As antitrust investigations and legal challenges grew in the United States and throughout the world, Microsoft vowed that Call of Duty would be available for at least a decade on Nintendo's Switch system, Nvidia's cloud gaming service, and other platforms.
Ms. Corley concluded in her conclusion that "scrutiny has paid off," echoing a message she delivered to regulators in court last month.
“In many ways you won,” Ms. Corley had told the FTC’s lead trial attorney on the case, James Weingarten.
“I don’t think we won,” Mr. Weingarten responded, saying there was no evidence that the “hastily agreed to” contracts would sufficiently protect the market.
Activision Blizzard Inc. shares rose more than 11% on the judgment, setting a new high for the year.

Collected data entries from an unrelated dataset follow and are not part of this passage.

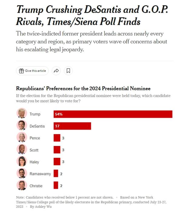 中新網(wǎng)7月31日電 據(jù)《紐約時報》報道,《紐約時報》和錫耶納學(xué)院31日公布了一項針對共和黨選民的聯(lián)合民意調(diào)查結(jié)果:在所有的共和黨總統(tǒng)競選人中,特朗普以54%的支持率取得絕對領(lǐng)先地位,超出第二位德桑蒂斯37%,其余候選人支持率均未超過3%。
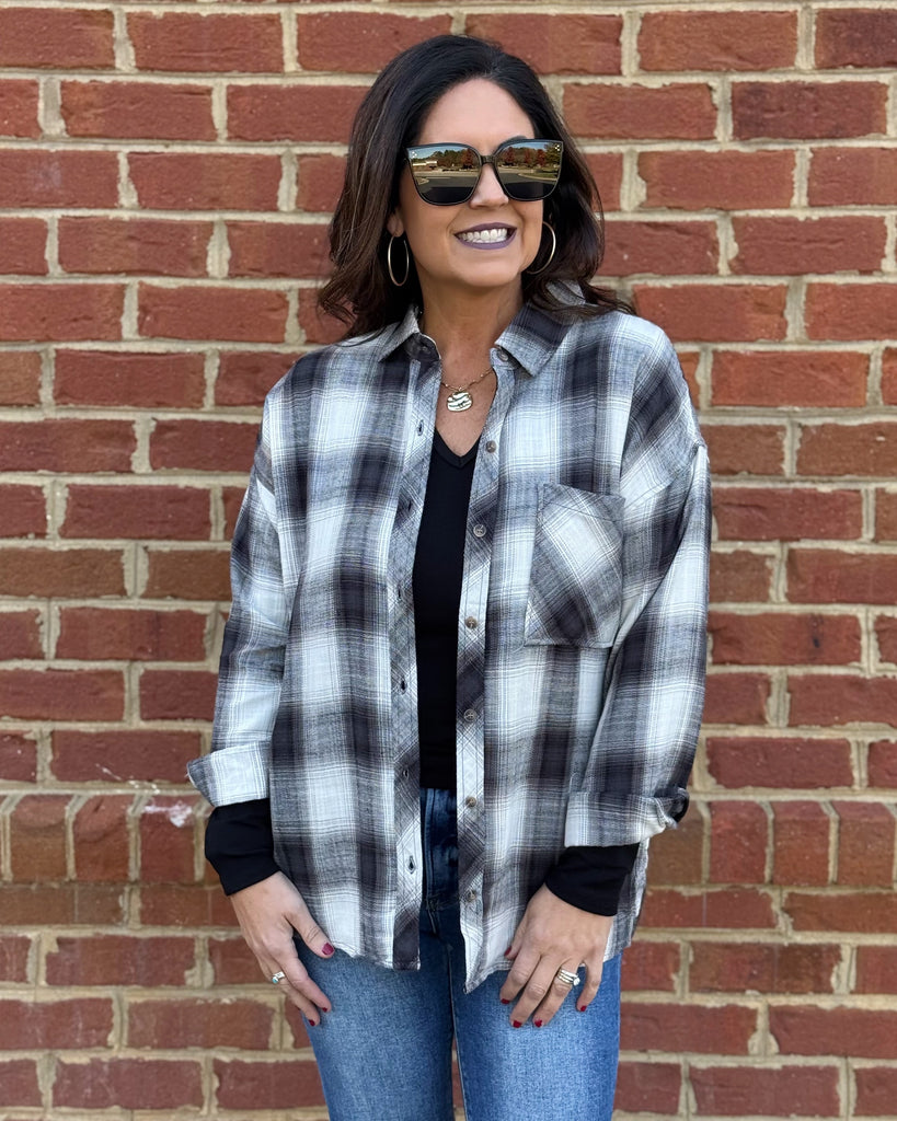 Stay cozy and stylish in our Dana Oversized Charcoal Flannel in Charcoal — a timeless classic with a modern, relaxed twist. Crafted from ultra-soft fabric, this plaid button-down features a collared neckline, long sleeves, and a single front chest pocket for that laid-back, lived-in feel. Designed with drop shoulders, side slits, and a rounded hem that falls below the hip, it offers an effortlessly oversized fit perfect for layering. A must-have for the fall-to-winter transition, this flannel pairs perfectly with your favorite denim or leggings for an easy, cozy look.
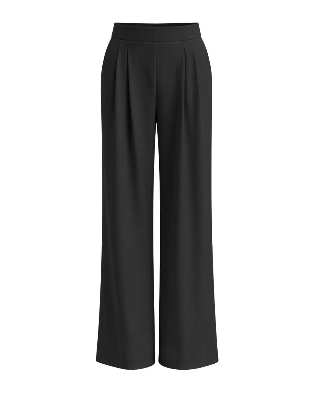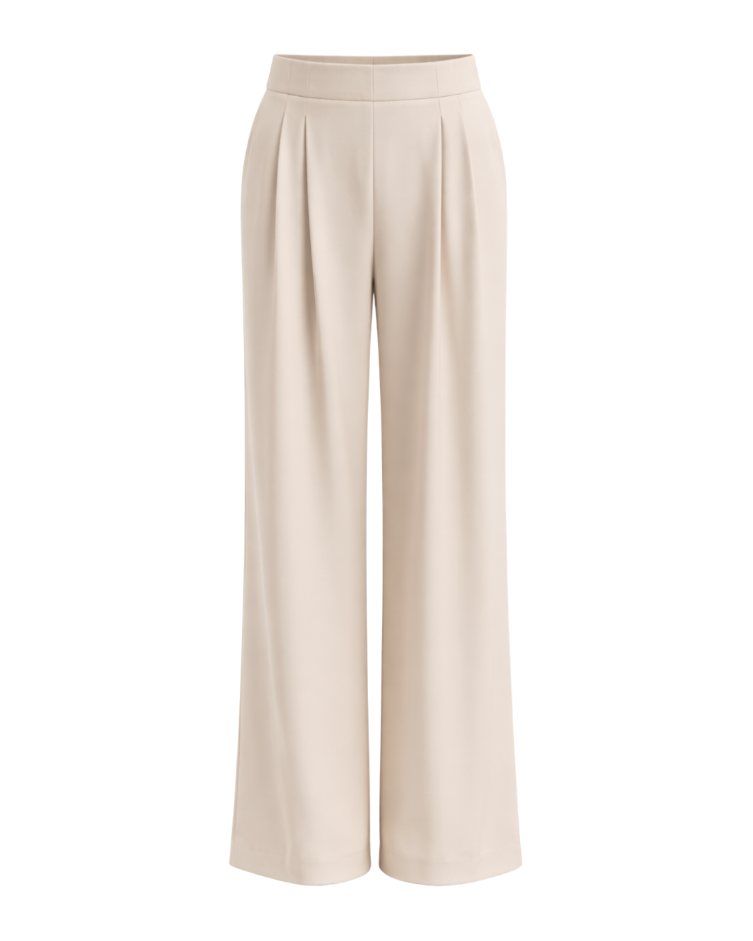 Calça em alfaiataria com cós e elastico atrás pregas frontais.
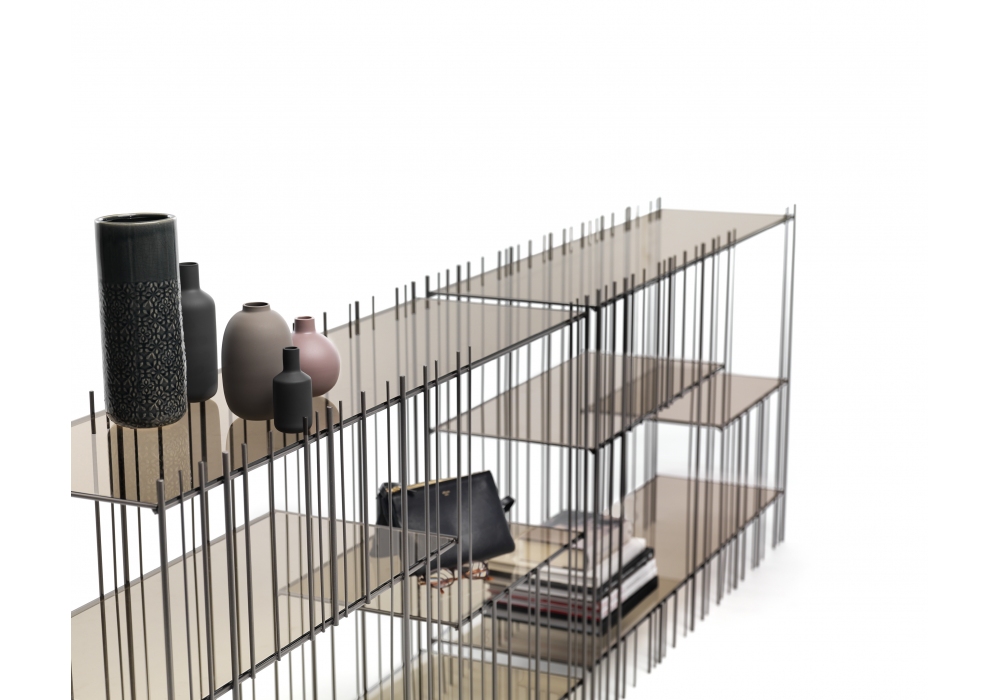Metrica conçue par Ctrlzak Studio pour Mogg est une console réalisée avec une structure en métal, des pieds réglables et des étagères en verre. Disponible en différentes finitions.
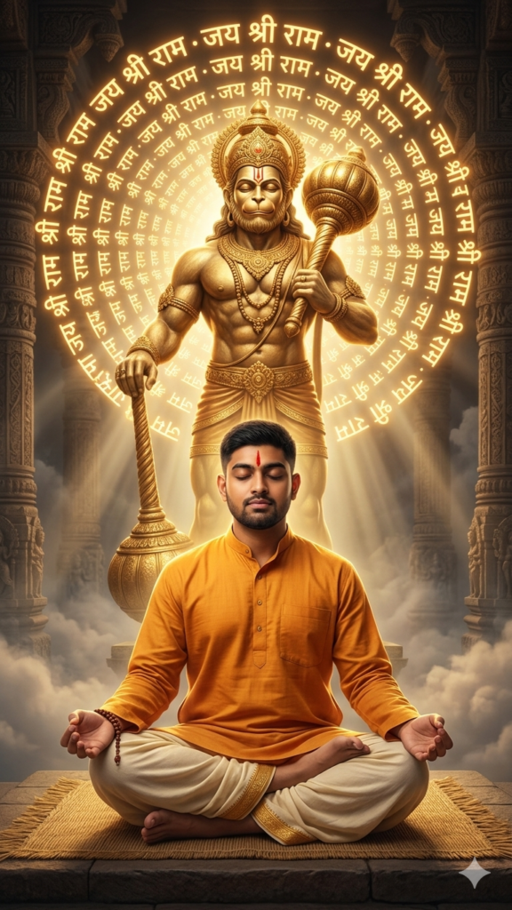 Ultra-detailed cinematic spiritual artwork of a young Indian man meditating in lotus pose, wearing a saffron kurta and off-white dhoti, eyes closed with a calm expression, hands in Gyan mudra, red tilak, softly lit by golden light; behind him stands a massive golden Hanuman statue holding a gada, muscular and radiant with a protective, benevolent expression, surrounded by a symmetrical spiraling halo of glowing “जय श्री राम” text forming a tunnel-like aura; background shows ancient temple pillars, carvings, mist, soft clouds, and descending god rays, with a gold and saffron color palette, volumetric lighting, soft fog, high contrast, ultra-sharp focus, cinematic 8K, and a divine epic mood.Prompt 5: Hanuman Jayanti Temple Aura
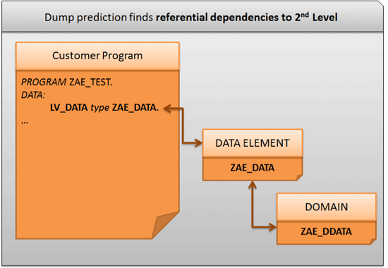 In addition to version dependencies, you also have referential dependencies. Whenever a program such as the one shown in Figure 21 uses a table, the transport is only successful when the correct version of the table and all used data elements are available. A data element only generates correctly if the contained domain is also available. Referential dependencies can be identified up to three levels deep.
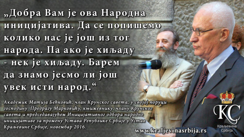 Aкадемик Матија Бећковић, књижевник, члан Крунског савета, у својој поруци господину Предрагу Марковићу, књижевнику, члану Крунског савета и председавајућем Иницијативног одбора народне иницијативе за промену Устава Републике Србије у Устав Краљевине Србије, новембар 2016.
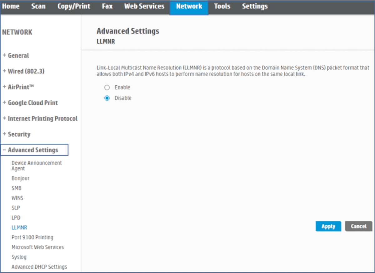 HP owners and system administrators should check the published table to find out if printers that are in use in the home, business or enterprise environment are affected. Firmware updates are available for some of the printer models, for others, mitigations are provided to disable LLMNR.
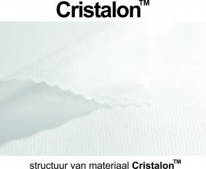 Cristalon™ is zeer geschikt als materiaal voor regenjassen vanwege de waterdichtheid. Het is ook windproof, zeer klein op te vouwen en heel compact in de achterzak mee te nemen. Het materiaal is transparant waardoor de kleur, het design en de teksten eronder zichtbaar blijven.

The verdict eliminates the most significant, but not the sole, impediment to the merger.
The Activision Blizzard purchase has been allowed by a number of other nations including the European Union, although it is still opposed by the UK's Competition and Markets Authority (CMA). The corporation had planned to contest that judgment at a tribunal hearing later this month, but the FTC's order seems to have caused a change of heart.
Both the British regulator and Microsoft said on Tuesday that they have jointly requested to put the hearing on hold, claiming that a "stay of litigation" would be in the public interest while they worked out a solution to address their differences so that the acquisition could proceed.
“We stand ready to consider any proposals from Microsoft to restructure the transaction in a way that would address the concerns” outlined in the merger decision, the CMA said in a prepared statement.
Microsoft President Brad Smith stated in a statement that the firm is working to amend the transaction "in a way that is acceptable to the CMA," despite the fact that the company disagrees with the agency's concerns.
According to a letter to Microsoft filed late last month in the U.S. case that echoed the FTC's concerns, Canadian regulators are also investigating the transaction and have concluded it is "likely to result" in preventing or lessening competition on gaming consoles, subscription services, and cloud-based gaming.